Охранник выполняет её просьбу — чиркает молнией. Вываливает на пол всё содержимое рюкзака. Мои вещи, косметичку и… украшения.
— Совсем обнаглела? — мать аж от злости ногой топает. — Это украшения с бриллиантами? Те, что мы тебе подарили?
— Она хотела их заложить. Продать, чтобы было на что жить, — сдаёт меня мерзкий урод.
Лицо мамы наливается краской. Мне кажется, она сейчас лопнет, как граната мгновенного действия. Но она леди, поэтому должна уметь держать гнев внутри. Кое-как она с этим справляется. Сделав глубокий вдох, сжав кулаки, отвечает:
— Под замок её. Решётки на окна поставить! Из комнаты не выпускать. И позвоните Арине Львовне. Пусть её посмотрит…
Ей?
Нашему семейному врачу?
Гинекологу, что ли?
Глава 8.
— Но мама! Не… не надо! Я ещё… ни с кем.
— Я больше не верю ни единому твоему слову. Ты исчерпала всякое моё доверие. Ты нас предала. Поступила просто ужасно! Ты эгоистка, София.
Мне начинает казаться, что мать права. Она ловко умеет манипулировать людьми. После её слов меня начинает мучить совесть. Правда. Всё ведь выглядит так, будто я плюнула им в лицо в благодарность за то, что они меня родили, воспитали, дали мне всё самое лучшее и дорогое. Может они в правы? Может я погорячилась? Глупо поступила. Пошла на поводу у эмоций. А надо было послушать голову. А не проклятое влюблённое сердце. Что в итоге добилась? Сделал только хуже. Всем окружающим.

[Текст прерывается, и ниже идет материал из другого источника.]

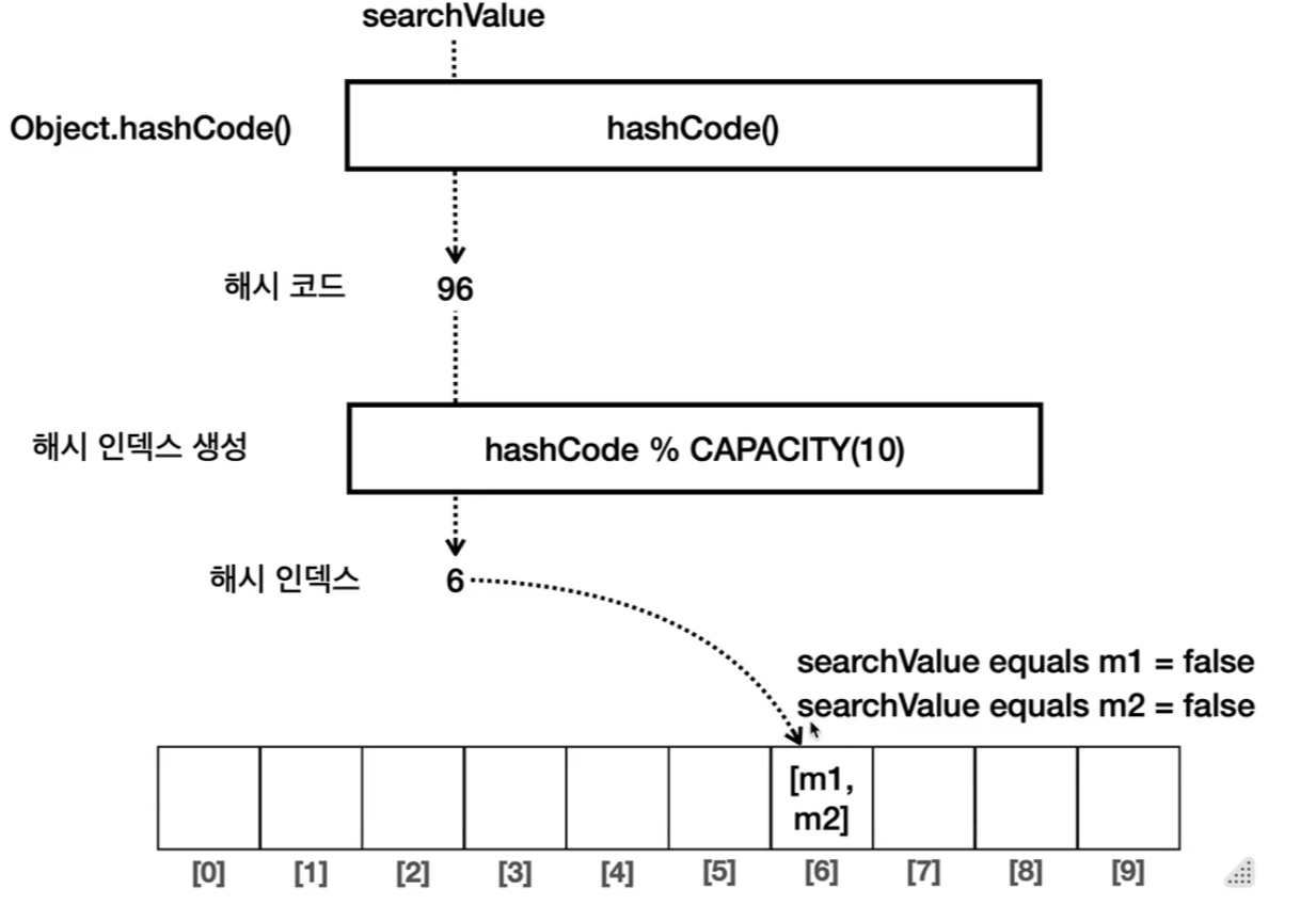 MemberOnlyHash는 equals()를 재정의 하지 않았으므로 Object의 equals()를 상속 받아서 사용한다. 따라서 인스턴스의 참조값을 비교한다. 인스턴스가 서로 다른 searchValue와 m1,m2는 비교에 실패한다.

— Не хочу сюрпризов после свадьбы, — возвращается к важному разговору. — Хочу убедиться лично в том, что ты ещё девственница. Если твой уважаемый муж вдруг узнает — не повезёт всем. Это осквернит его честь, а мы станем лжецами. Сплетни в высшем обществе разлетятся как снег в пик бури, моргнуть не успеем и от нас откажутся все партнёры, посчитав лжецами. Кто будет строить бизнес с врунами? Асадов устроит скандал в прессе и наш дом будут обходить десятой дорогой! Не дай боже его разозлить… — она это произносит с реальным страхом. — Репутация семьи превыше всего. Запомните это.